Will these Revolutions Lead to Democracy?

Revolutions are inevitable; moreso when the ruled feel that the rulers are appropriating to themselves and their cronies the resources meant for the nation. There is no way one can subjugate a group of people forever. It is as impossible as squeezing water from stones. A proverb in my local language translates as if you submerge a frog in water for long, it would definitely croak. Consequently, the croaking of a large portion of people have been heard across North Africa and the Middle East. A unique feature of these affected governments is the number of years they people have ruled. A cursory glance at Africa's Top 10 Long-Serving Head of States, which I compiled in 2009 shows that all the 'croaking' countries in Africa - Tunisia, Egypt, Libya - are on this list and the average number of years they have ruled is 32 years.

Ever since Tunisia erupted in demonstrations, which led to the flight of Ben Ali, the flame has raged across autocratic states, lighting one country after the other. Following the heels of Ben Ali was Hosni Mubarak, whose tight fist was unwound from power by the persistent protesters finger by finger, finally falling on February 11. Now, we are hearing of Libya's Muammar Al-Qaddafi's impending exit, after almost 42 years in power. Whether this is true or false, his hold on power is loosening and he might be on his way out pretty soon. Africa is thus toppling all of its autocracies through demonstrations from the grassroots; though some countries have not yet been affected like Cameroon where Paul Biya (27 years in power) still hangs on, Zimbabwe where Robert Mugabe (31 years) is taking preemptive measures, Museveni (25 years) who has won another five-year term and from all indications would rule for a long time (since the opposition are not ready to join forces to oust him), Teodoro Obiang Nguema (32years in August) of Equatorial Guinea, dos Santos of Angola (32 years in September) and others.

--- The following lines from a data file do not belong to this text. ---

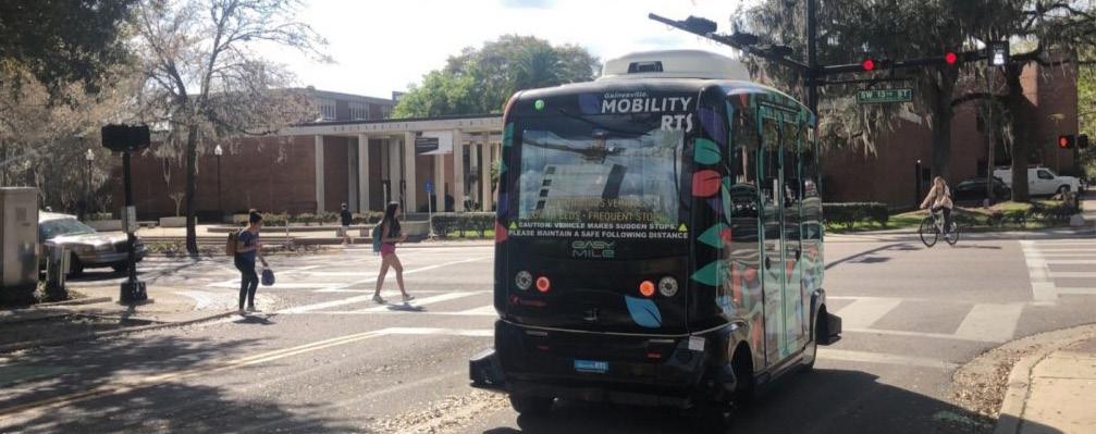 On any given day, Gainesville’s Autonomous Shuttle (AV) can be seen driving around city streets, interacting with pedestrians, bicyclists, and conventional vehicles, while picking up and dropping off riders along its route. AV shuttle corridors across the country are mostly designed without traffic lights, or the shuttles are maneuvered through traffic lights manually by an attendant. However, the Gainesville AV is different.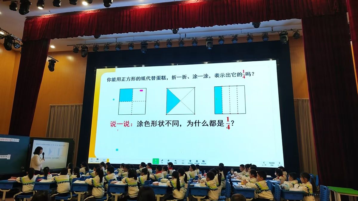 南溪区长江学校三年级组施水仙执教的《分数的初步认识》采用了“情境教学法+操作探究法+直观演示法”,凸显“以生为本”的教学理念。通过分一分、折一折、涂一涂等活动激发学生兴趣。将抽象的分数概念转化为可操作的具体形象。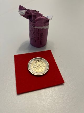 Moneda de 2 euros conmemorativa de Grecia del año 2019. Presenta un diseño distintivo en su anverso. - Moneda de 2 Euros. - Año: 2019. - País: Grecia. solo la moneda sin el fieltro rojo #moneda #monedas #numastica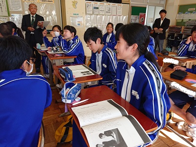 1年生は道徳の時間に、沼津市教職員研修センター唐國アドバイザーを招聘して校内研修を行いました。「銀色のシャープペンシル」という資料を使い、「よりよく生きる喜び」について話し合いました。

While the toppling of autocracies is a sign that the people are fed-up with their governments and would want to live in a freer society where resources are equitably distributed and rights fairly expressed, it would be better if we do not take these quests as constants in the outcomes but to question their attainment. Tunisia erupted not because Ben Ali had been in power for long but because of the rising prices of food, increase in inflation and unemployment and wikileaks. Egypt flared up because the citizenry were fed-up with a police-state. They needed a change in constitution and a change in government. Libya? Basically, the man whose name is spelt in a thousand different way must leave: so the people engaged in armed battle with the government and their aim is on the verge of being achieved.

But has revolutions always led to democratic dispensations? Or any other dispensation for that matter for which the people fought and died? Has it always bettered their lives? One can easily quote the Iranian revolution that ousted the Shahs and brought in the current form of governance under the Ayatollahs, which is today being fought again by the people. Another example is the red-shirts and yellow shirts of Thailand, where red shirts would demonstrate and bring down a yellow-shirt government and yellow shirts would do same if it is in opposition.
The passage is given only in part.